## Problem to work on:
A faithful copy is required: retype the records from their first line through the line with "Feeding the conceptualism", and omit the pictures.

Dataset records:
───

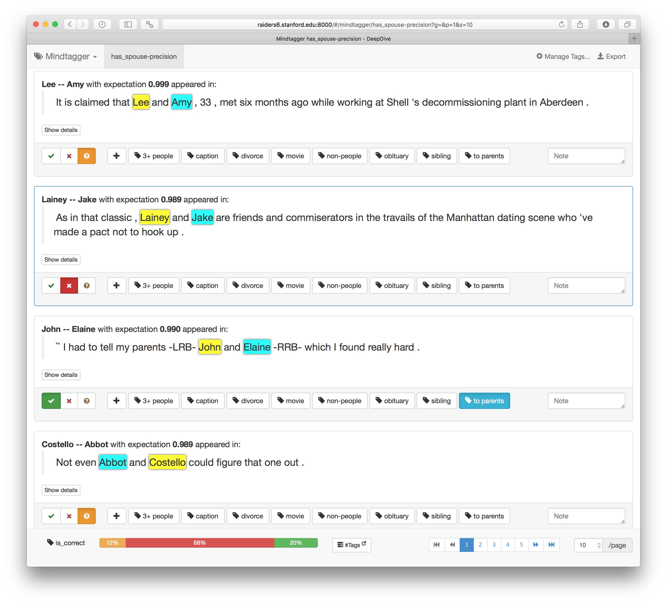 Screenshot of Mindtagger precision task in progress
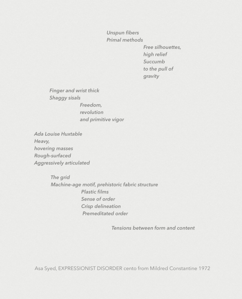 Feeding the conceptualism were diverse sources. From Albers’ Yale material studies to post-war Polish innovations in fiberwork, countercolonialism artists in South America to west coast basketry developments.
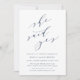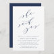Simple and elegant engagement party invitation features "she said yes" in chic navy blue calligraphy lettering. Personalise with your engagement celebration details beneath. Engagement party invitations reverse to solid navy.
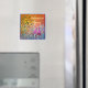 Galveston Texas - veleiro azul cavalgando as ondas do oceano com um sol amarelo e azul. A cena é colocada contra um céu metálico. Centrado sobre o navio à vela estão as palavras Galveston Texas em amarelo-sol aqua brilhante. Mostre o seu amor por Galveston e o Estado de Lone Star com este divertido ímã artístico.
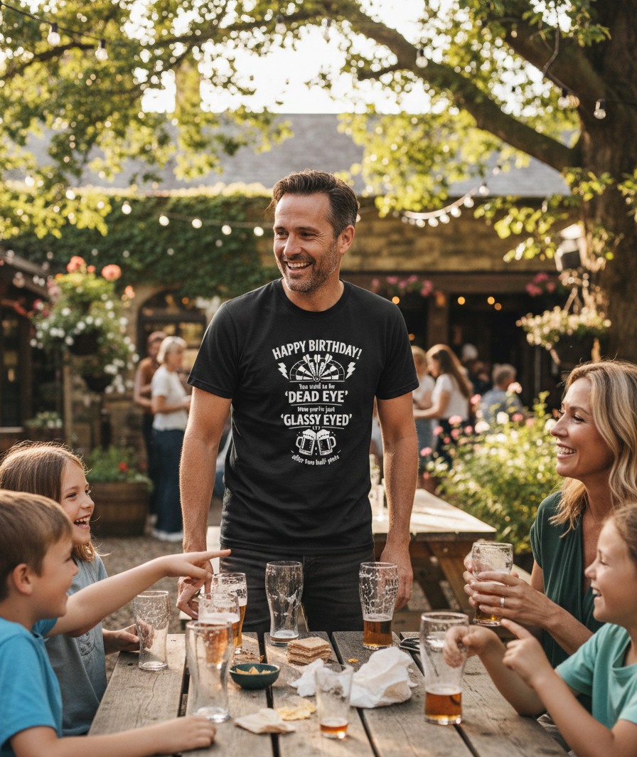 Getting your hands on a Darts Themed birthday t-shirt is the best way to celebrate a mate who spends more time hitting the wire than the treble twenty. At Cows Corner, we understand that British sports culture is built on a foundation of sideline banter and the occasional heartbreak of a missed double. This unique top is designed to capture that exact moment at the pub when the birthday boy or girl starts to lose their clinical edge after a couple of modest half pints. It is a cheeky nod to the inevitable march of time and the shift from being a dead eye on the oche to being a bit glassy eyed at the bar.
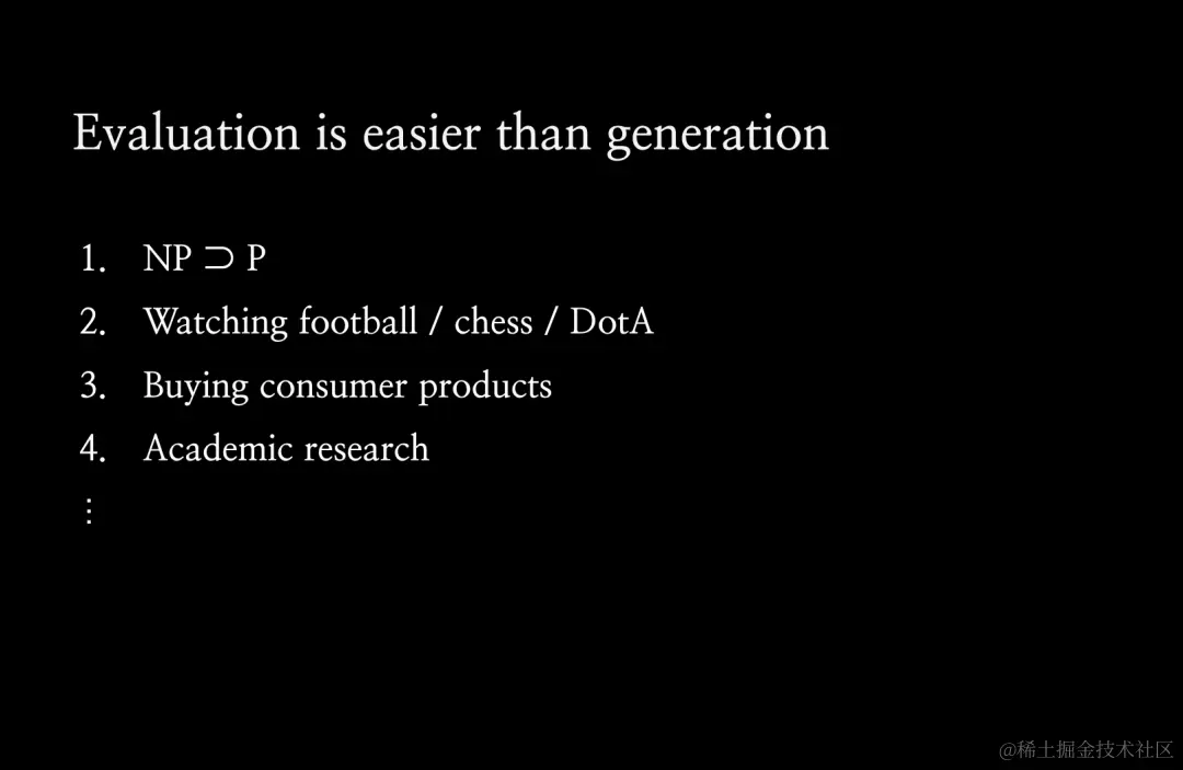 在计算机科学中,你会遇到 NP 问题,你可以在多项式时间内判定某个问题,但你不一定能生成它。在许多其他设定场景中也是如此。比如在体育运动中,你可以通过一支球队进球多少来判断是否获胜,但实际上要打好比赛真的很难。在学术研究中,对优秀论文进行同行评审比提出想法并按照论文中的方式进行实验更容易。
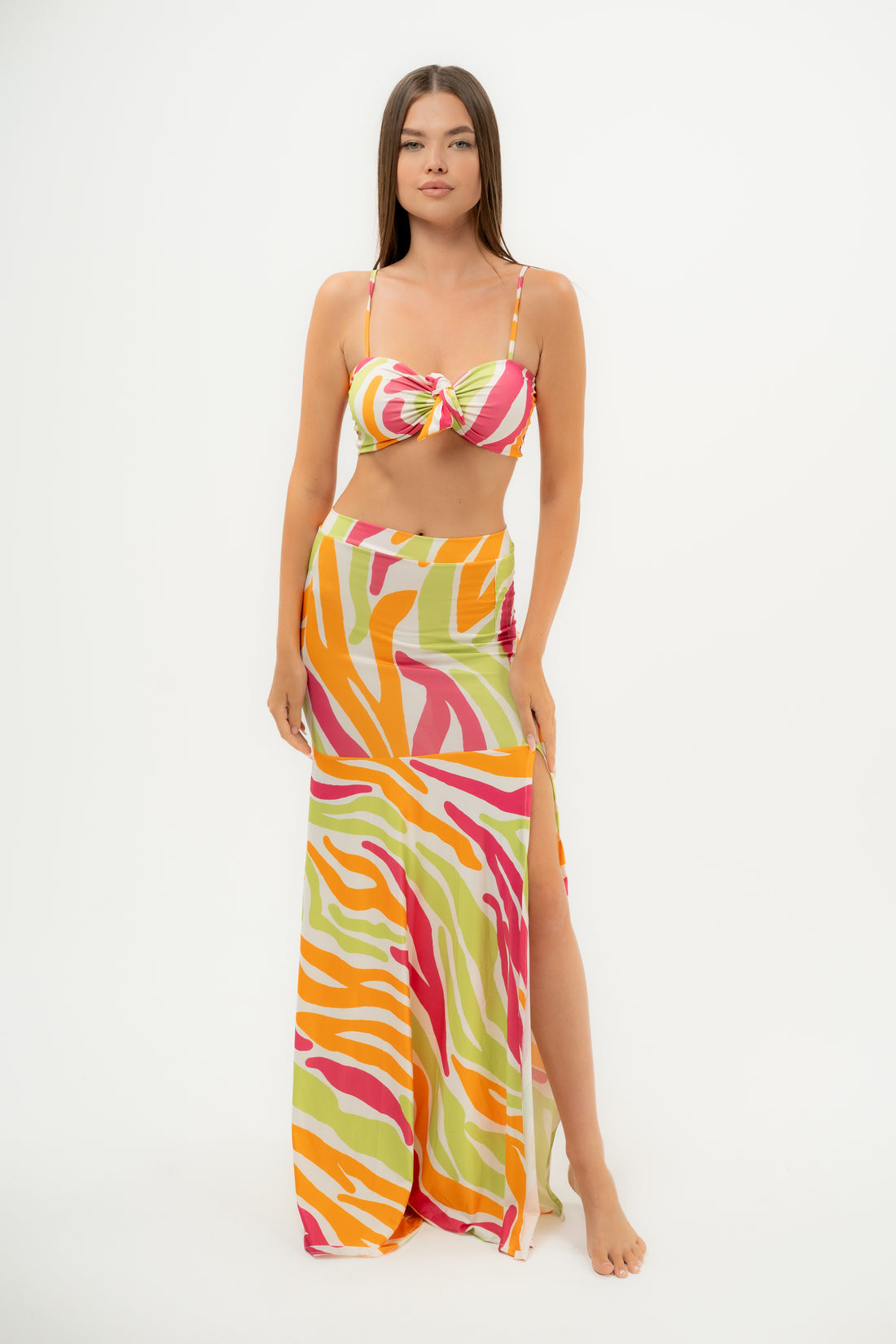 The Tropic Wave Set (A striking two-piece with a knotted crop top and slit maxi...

───

## Result of the exercise:
 Screenshot of Mindtagger precision task in progress
 Feeding the conceptualism were diverse sources. From Albers’ Yale material studies to post-war Polish innovations in fiberwork, countercolonialism artists in South America to west coast basketry developments.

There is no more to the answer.